Provision for the past or future?
Market Update: 28 April 2020
As Westpac follows NAB today in taking a $2.2Bln impairment charge, ASX takes a dip by 0.75% despite S&P +1.5% overnight. Should this be the canary in the coal mine or simply a statement of fact of the past?
It does come as data such as Oz CPI for Q1 is announced tomorrow, yet most – including the RBA shouldn’t care as it’s not reflective of today nor the future. There are of course helpful metrics to consider like China PMI on Thursday for April – which can either reinforce their solid turnaround from 35.7 to 52.0 or prove transitory whilst the rest of the world followed and subsequently shut down from COVID. It could also assist in figuring out how much more stimulus China may have to provide and thus, can Australia again prosper as we did in the great commodity boom post GFC.

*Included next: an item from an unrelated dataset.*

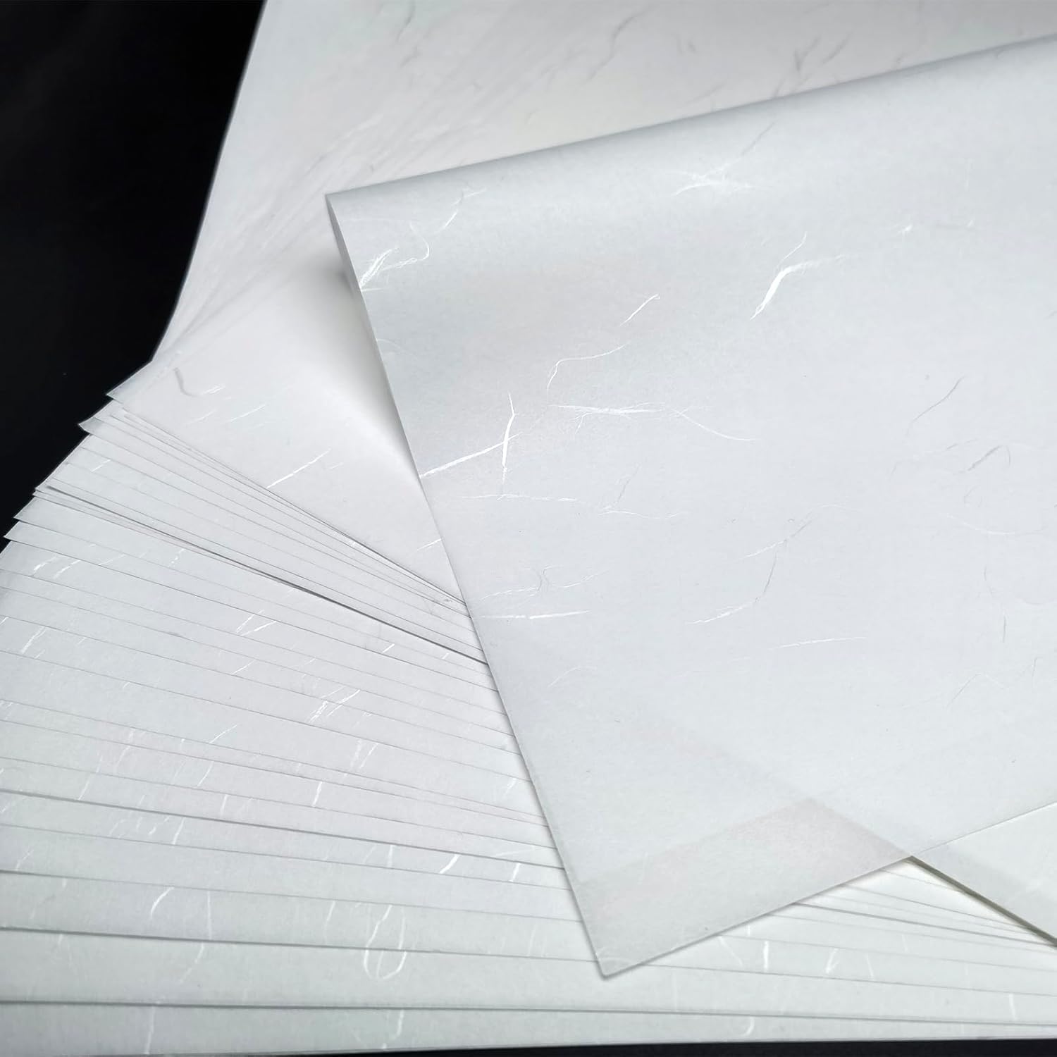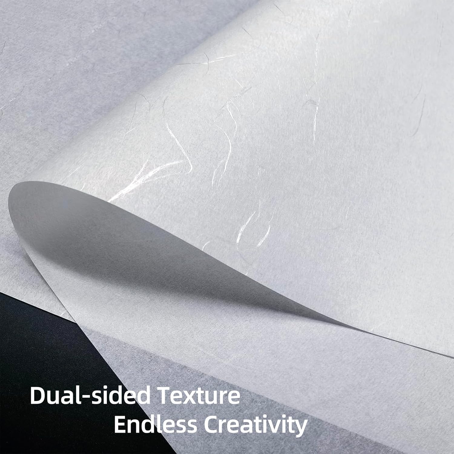- Silver Thread Embellishments, Double-sided Texture: One side is as smooth as , with silkshimmering silver threads, while the other side appears slightly rough, offering ample space for texture manipulation. Artists can employ various techniques such as folding, embossing, and printing to create unique texture effects on the paper's surface, enhancing its artistic expression. Unwanted wrinkles on the paper can be removed through low-temperature ironing, facilitating meticulous creation.

So how much of a grain of salt we can take on Q1 or Q2 metrics? Well perhaps GDP is not going to give much away for optimism, but Unemployment, Retail Spending and both Business and Consumer confidence will at least be a better guide for tracking recovery and if therefore markets are correctly priced.
As with everything, it’s not always a straight line to success.. AUD gave away gains from 0.6472, S&P futs -0.6% and Oil back down 13% whilst Westpac sees RBNZ cutting to -0.5% later this year, putting pressure on NZD (taking AUD a small way with it).